Die Madonnen säumten den Weg wie die dunklen Zypressen, die zu den Friedhöfen führen; hoch über ihm lächelten sie, wenn er, ohne sie anzusehen, vorbeilief, mit klopfendem Herzen, das immer schneller schlug, je näher er der Ecke kam. Dort blieb er stehen, zusammengekrümmt, kraftlos, zitternd vor Entsetzen und Lust, und kostete die Qual des Wartens aus. Manchmal konnte er es nur einen Augenblick aushalten, aber er brachte es auch fertig, die Folter endlos zu dehnen. Noch nicht, noch nicht, noch nicht, jetzt bald, jetzt gleich, eins, zwei, drei, vier, fünf, sechs, sieben – jetzt! Dann rannte er los, warf einen gehetzten Blick auf die dunkle Figur und floh.

Immer dasselbe Spiel, monatelang, jahrelang, bis er anfing, die ersten Gedichte zu schreiben. Hymnen an den Tod, in freiem Versmaß, Novalis und Mombert waren die Vorbilder.

Er hielt vor dem Haus, das seinen Eltern gehört hatte, im Herzogpark, um die Ecke bei Thomas Mann. Ausgebrannt, war es vom Vater noch vor der Währungsreform für beinahe nichts verkauft worden. Der neue Besitzer hatte es modernisiert, es war nicht schöner geworden, man sah ihm trotz allen Bemühungen, es zu vertuschen, die Jugendstilherkunft an.

Eine Weile blieb er im Wagen sitzen, dann stieg er aus, trat ans Gitter und schaute in den Garten, der nicht mehr die schöne Wildnis von früher war, sondern die affektierte Nachahmung eines Parks auf viel zu kleinem Raum. Ein japanischer Kirschbaum stand in voller Blüte, Fliederbüsche, aber die hatte es auch zu seiner Zeit gegeben, ein paar exotische Kiefern mit weichen, hängenden Nadeln, Rhododendren und Azaleen; auf dem kurz geschnittenen Rasen spielten zwei Kinder mit bunten Reifen.

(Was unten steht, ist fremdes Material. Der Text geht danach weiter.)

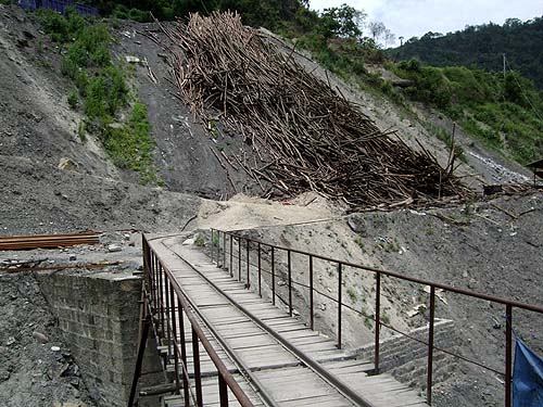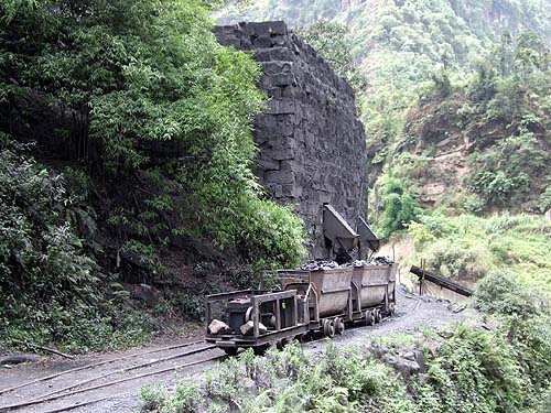 There was one more coal mine before the dam, a relatively new and large operation, clearly prosperous as the owner was constructing a large concrete girder bridge across the gorge to avoid using the dirt road behind his mine. As a result the cableway and the ferry would shortly become redundant. It was still lunchtime at there was nothing of any significance visible on the small amount of railway which was not underground:

Das kleine, etwa achtjährige Mädchen und der etwas ältere Junge warfen ihm misstrauische Blicke zu, einen Moment lang sah es so aus, als wolle der Junge zum Gitter kommen, um ihn wegzuweisen, dann aber machte er eine herrische Handbewegung, die das Mädchen zum Weiterspielen zwang. Andreas hätte sich im gleichen Alter über jeden Fremden gefreut, jeder, der kam, war das große Abenteuer, jeder ein Bote der Götter, empfangen mit der ungeheuren Bereitschaft, sich verzaubern zu lassen.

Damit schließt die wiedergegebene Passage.